The Management Board held various meetings throughout the year 2017. At least once a month, the Management Board meets to discuss and review the performance of the company.
The Management Board ensures that the Company has an adequately functioning internal risk management and control framework. A comprehensive risk management and control framework, based on the "three lines of defense model", has been established that allows the Audit Committee and the Management Board a clear overview of the effectiveness of internal controls and risk management. This is explained in more detail in the risk management chapter.
The Management Board periodically discusses the internal risk management and control systems with the Supervisory Board and the Audit Committee. The Management Board provides the Supervisory Board with all information required for the fulfillment of their obligations and the exercise of their powers.
The Management Board provides the Annual General Meeting of Shareholders with all information required for the fulfillment of its obligations and the exercise of its powers in a timely fashion. The Management Board is responsible for the quality and completeness of financial and other reports that are publicly disclosed by or on behalf of the Company, including all reports and documents the Company is required to file.
Each Management Board member shall immediately report any potential conflict of interest to the Chairman of the Supervisory Board and to the other Management Board members. In such cases, a Management Board member shall provide the Chairman of the Supervisory Board and the other Management Board members with all information relevant to the conflict and follow the procedures as set out in the Management Board rules.

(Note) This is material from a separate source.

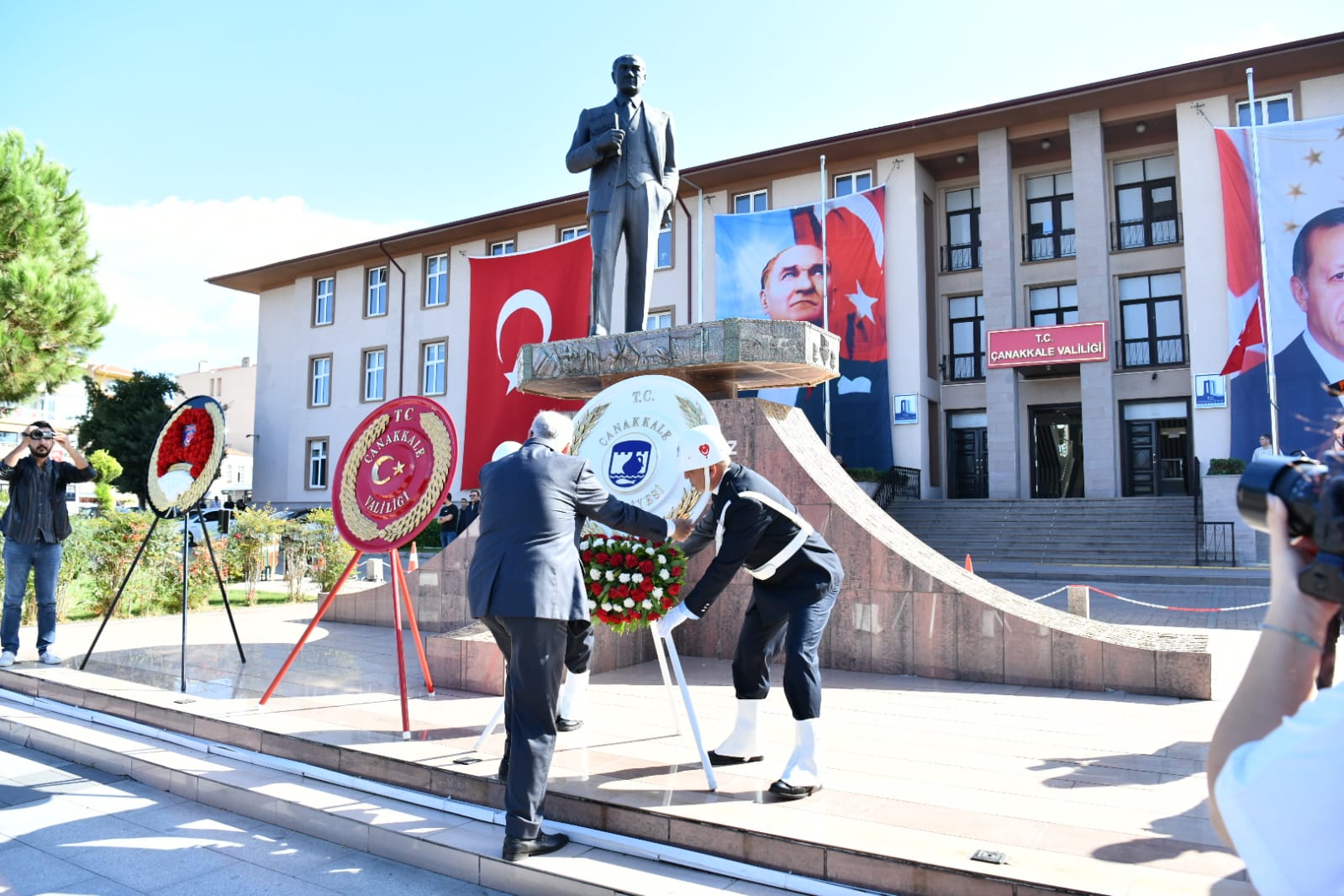 Cumhuriyetin 100. yıldönümü kutlama etkinlikleri, 28 Ekim 2023 Cuma günü Valilik önünde düzenlenen çelenk sunma töreni ile başladı. Çelenk sunma törenine Vali İlhami Aktaş, Çanakkale Boğaz ve Garnizon Komutanı Tuğamiral Mustafa Biçen, Belediye Başkanı Ülgür Gökhan, CHP Çanakkale Milletvekili İsmet Güneşhan, Çanakkale Baro Başkanı Av. Hande Keskin, kurum ve kuruluş temsilcileri, siyasi partilerin temsilcileri, sendika, oda ve sivil toplum kuruluşlarının temsilcileri, askeri erkan, öğrenciler ve kentliler katıldı. Atatürk Anıtı'na çelenklerin sunulduğu tören, saygı duruşunda bulunulması ve İstiklal Marşı'nın okunması ile son buldu.

The Annual General Meeting of Shareholders (AGM) appoints a Management Board member based on a binding nomination drawn up by the Supervisory Board. The AGM may set aside a binding nomination by a resolution taken with an absolute majority of the votes cast, representing at least one third of the share capital. If such a binding nomination is set aside, a new binding nomination will be drawn up by the Supervisory Board and submitted to a newly called General Meeting of Shareholders. If this binding nomination is set aside, the General Meeting of Shareholders is free to appoint a Management Board member, but only with an absolute majority of the votes cast representing at least one third of our issued capital.
A Management Board member may be suspended at any time by the Supervisory Board. A Management Board member may, in accordance with a proposal by the Supervisory Board, be dismissed by the AGM through a majority vote. A resolution to suspend or to dismiss a member of the Management Board, other than in accordance with a proposal of the Supervisory Board, shall require the affirmative vote of a majority of the votes cast at a meeting. The affirmative votes must represent at least one third of the issued capital.
For information regarding the remuneration of the Management Board, please see the remuneration policy which is posted on our website, the remuneration report, which is included in this report, and Note 24 to the Consolidated financial statements.